## What you need to do:
Within the entries below, count the lines that hold the string "Nortel" and give only that number.

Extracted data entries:

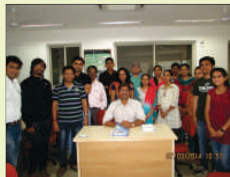
FDP on Performance Analysis of MIMO Wireless Communication
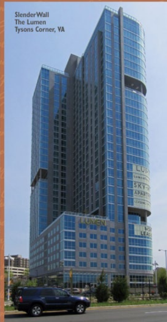
SlenderWall The Lumen Tysons Corner, VA
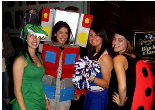
3. Make Relationships.... and learn how to TRANSFORM!
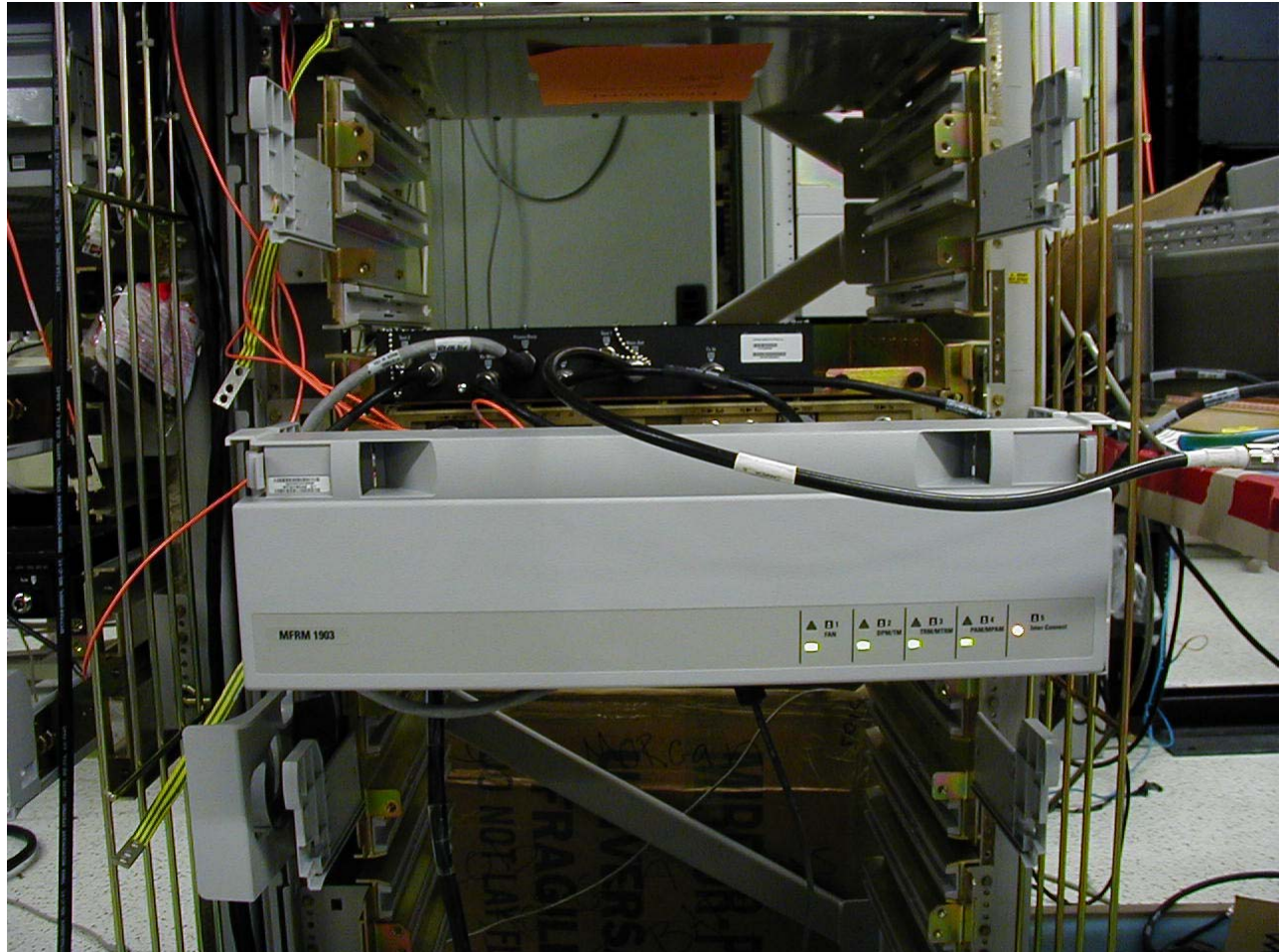
Nortel Networks MFRM Assembly Front View Fan Assembly Mounted

This document contains Proprietary information of Nortel Networks. This information is considered to be confidential and should be treated appropriately.

## Output below:
2